DIRECTIONS: Transcribe every line below exactly; no image goes into the output.

EXTRACTED ENTRIES:
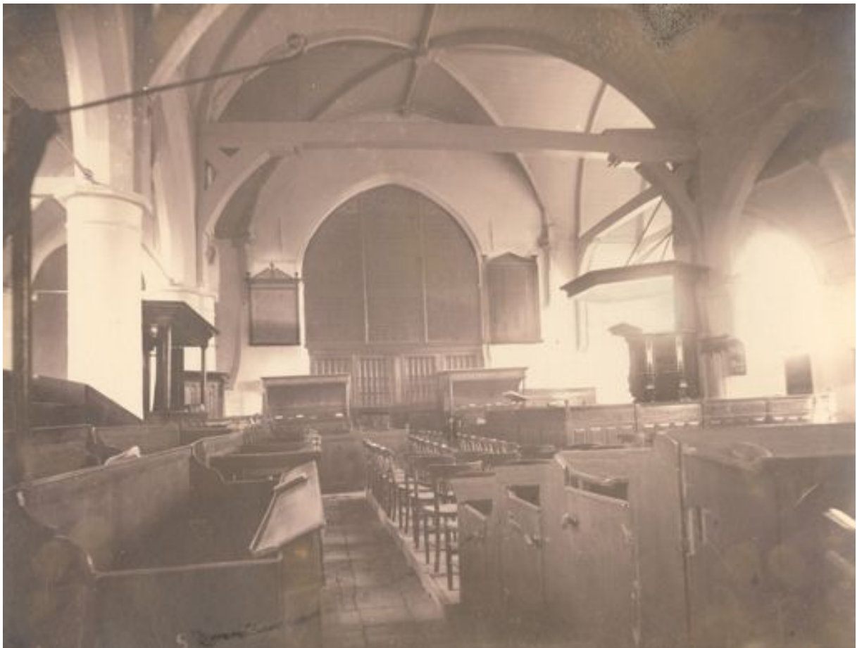
Hervormde kerk Poortugaal anno 1906
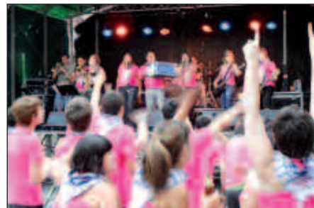
ARRAKASTA IZAN DU ATXEGALDEKO JAIEN ABESTIAK.
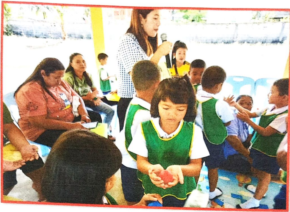
นักเรียนและผู้ปกครองทำกิจกรรมร่วมกัน
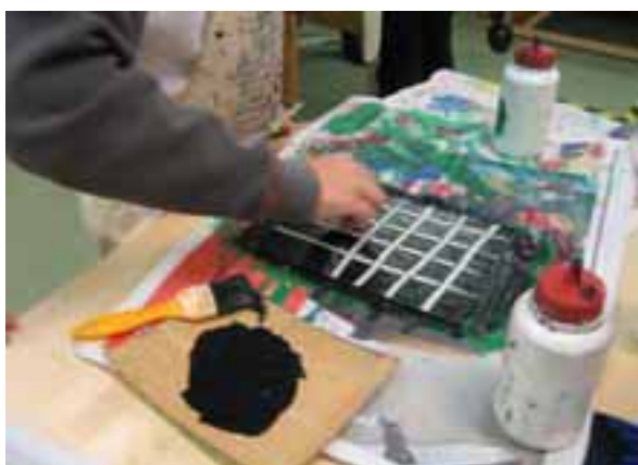
Genom att dra radergummit rakt i två riktningar, får man fram mönstret till höger.
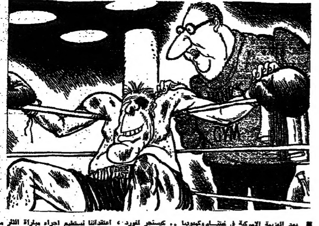
بعد الهزيمة الأمريكية في فيتنام وكوبا... كينجر لورد... اعتدنا نستطيع إجراء جبهة الأمل مع إسرائيل إذا كان هذا بعيد... رسم كاريكاتوري في «هيرالد تريبون»

لها وقد هدأت الأوضاع نسبياً وبدأت الحياة في لبنان تعود إلى طبيعتها، فيمكن التوقف عند بعض محطات كان للوعي الشعبي دور أساسي في ترسيخها. فرغم الآلام والضحايا والخسائر، أكدت الأحداث أن لبنان باق كما كان، موطن الأخوة والتفاهم والتسامح، كما اثبتت الوحدة الوطنية أنها قائمة على أسس راسخة وطيدة، تتأدرة على الصمود في وجه التغيرات من أي باب أتت، وخاصة من باب التخريب الإسرائيلي. لقد كانت تجربة مؤلمة، ولكن لبنان اجتازها، كما في كل مرة، قويا معاني، وسنكون بلا شك دائما في مزيد من التفاهم والتضامن، بعدما أنضج للجميع ان الانقسام لا يجلب سوى الخراب. وقد عبر الطلق الذي أبداه العالم العربي آزاء الأحداث الدامية، عن ضرورة أن يبقى لبنان النافذة المطلقة على العرب والعالم، وأن يبقى صوت القضية الفلسطينية المحوي في الحاضل الدولية. لبنان هذا، يجب أن يبقى تلك الظاهرة الإنسانية الرائعة التي تنضوي تحت جناحها الطوائف والعقائد والأيديولوجيات، ليبقى بالتالي تلك القبة التي تعجز إسرائيل عن سفلتها، لتتشعل التعايش الإنساني والطاقني فيه، المهدي لمصريتها وتمسبها الديني.
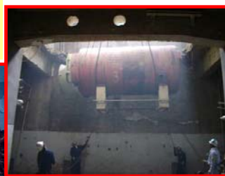
建築設備の取り外し
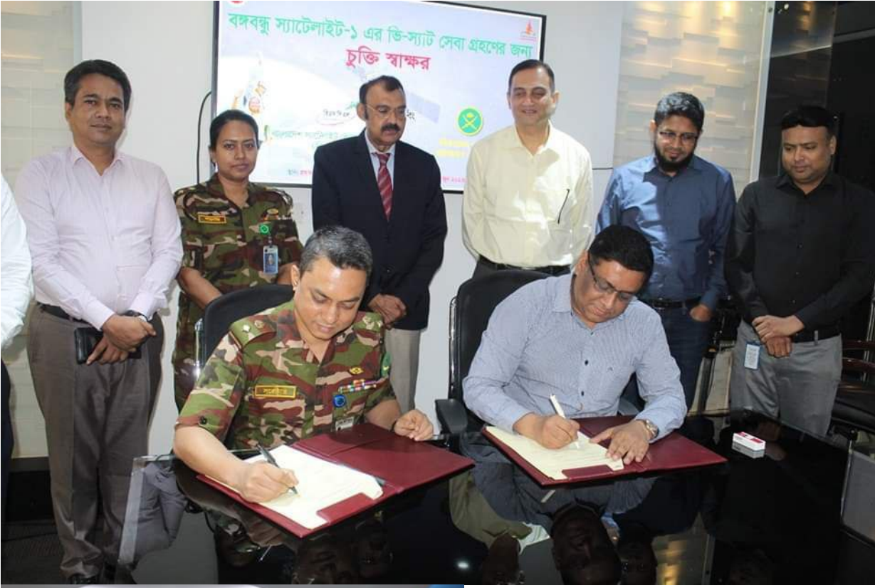
বঙ্গবন্ধু স্যাটেলাইট-১ এর ডি-স্যাট সেবা গ্রহণের লক্ষ্যে বাংলাদেশ সেনাবাহিনীর সাথে বানিজ্যিক চুক্তি স্বাক্ষর করেছে।
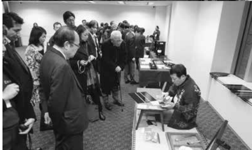
(下) 伝統工芸の 実演の様子
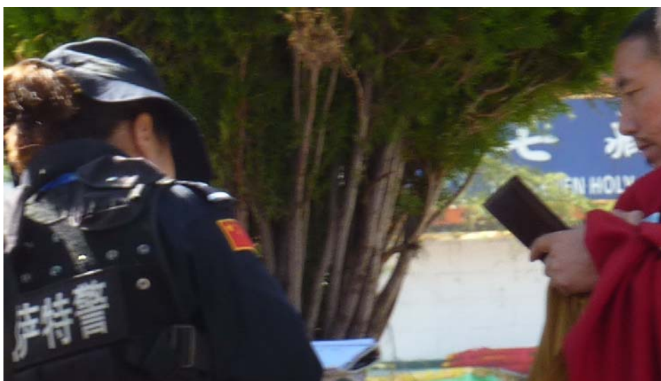
Polizist und Mönch in Lhasa

Während der Ära der chinesischen Reform und Öffnung war Lhasa generell der Ort, an dem die tibetische Elite wohnen wollte. Ich traf viele junge Tibeter, die nach ihrem akademischen Abschluss in großen Städten wie Peking oder Shanghai hätten bleiben können, es aber vorzogen, in Lhasa, das zu der Zeit weit von irgendwelchem geschäftigen Treiben entfernt war, zu leben und zu arbeiten. Im Frühling 1990 kehrte ich von Kham in meine Geburtsstadt Lhasa zurück, denn ich wusste, dass es dort Kollegen aus Amdo in der Literaturgesellschaft der TAR gibt.
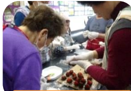
皆でイチゴ大福を作る

筆者の中の知りたいというのは未熟だけれど、つながって行きたいという気持ちの表れなのかなと思います。そういう
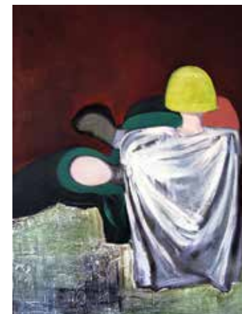
Troglava Veronika, 1971. ulje na platnu, 117 x 133 cm
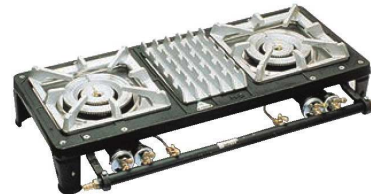
⑥ガステーブルコンロ MD-702L (2連大)
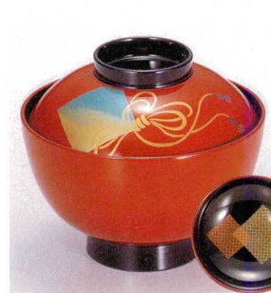
10-210-12 W-1-37 TA 新越前椀 色紙結び見返し色紙 S・H塗 ¥3,650 (11.1φ×9.7) 楕100 290cc

SOLUTION BELOW:
Hervormde kerk Poortugaal anno 1906
ARRAKASTA IZAN DU ATXEGALDEKO JAIEN ABESTIAK.
นักเรียนและผู้ปกครองทำกิจกรรมร่วมกัน
Genom att dra radergummit rakt i två riktningar, får man fram mönstret till höger.
بعد الهزيمة الأمريكية في فيتنام وكوبا... كينجر لورد... اعتدنا نستطيع إجراء جبهة الأمل مع إسرائيل إذا كان هذا بعيد... رسم كاريكاتوري في «هيرالد تريبون»

لها وقد هدأت الأوضاع نسبياً وبدأت الحياة في لبنان تعود إلى طبيعتها، فيمكن التوقف عند بعض محطات كان للوعي الشعبي دور أساسي في ترسيخها. فرغم الآلام والضحايا والخسائر، أكدت الأحداث أن لبنان باق كما كان، موطن الأخوة والتفاهم والتسامح، كما اثبتت الوحدة الوطنية أنها قائمة على أسس راسخة وطيدة، تتأدرة على الصمود في وجه التغيرات من أي باب أتت، وخاصة من باب التخريب الإسرائيلي. لقد كانت تجربة مؤلمة، ولكن لبنان اجتازها، كما في كل مرة، قويا معاني، وسنكون بلا شك دائما في مزيد من التفاهم والتضامن، بعدما أنضج للجميع ان الانقسام لا يجلب سوى الخراب. وقد عبر الطلق الذي أبداه العالم العربي آزاء الأحداث الدامية، عن ضرورة أن يبقى لبنان النافذة المطلقة على العرب والعالم، وأن يبقى صوت القضية الفلسطينية المحوي في الحاضل الدولية. لبنان هذا، يجب أن يبقى تلك الظاهرة الإنسانية الرائعة التي تنضوي تحت جناحها الطوائف والعقائد والأيديولوجيات، ليبقى بالتالي تلك القبة التي تعجز إسرائيل عن سفلتها، لتتشعل التعايش الإنساني والطاقني فيه، المهدي لمصريتها وتمسبها الديني.
建築設備の取り外し
বঙ্গবন্ধু স্যাটেলাইট-১ এর ডি-স্যাট সেবা গ্রহণের লক্ষ্যে বাংলাদেশ সেনাবাহিনীর সাথে বানিজ্যিক চুক্তি স্বাক্ষর করেছে।
(下) 伝統工芸の 実演の様子
Polizist und Mönch in Lhasa

Während der Ära der chinesischen Reform und Öffnung war Lhasa generell der Ort, an dem die tibetische Elite wohnen wollte. Ich traf viele junge Tibeter, die nach ihrem akademischen Abschluss in großen Städten wie Peking oder Shanghai hätten bleiben können, es aber vorzogen, in Lhasa, das zu der Zeit weit von irgendwelchem geschäftigen Treiben entfernt war, zu leben und zu arbeiten. Im Frühling 1990 kehrte ich von Kham in meine Geburtsstadt Lhasa zurück, denn ich wusste, dass es dort Kollegen aus Amdo in der Literaturgesellschaft der TAR gibt.
皆でイチゴ大福を作る

筆者の中の知りたいというのは未熟だけれど、つながって行きたいという気持ちの表れなのかなと思います。そういう
Troglava Veronika, 1971. ulje na platnu, 117 x 133 cm
⑥ガステーブルコンロ MD-702L (2連大)
10-210-12 W-1-37 TA 新越前椀 色紙結び見返し色紙 S・H塗 ¥3,650 (11.1φ×9.7) 楕100 290cc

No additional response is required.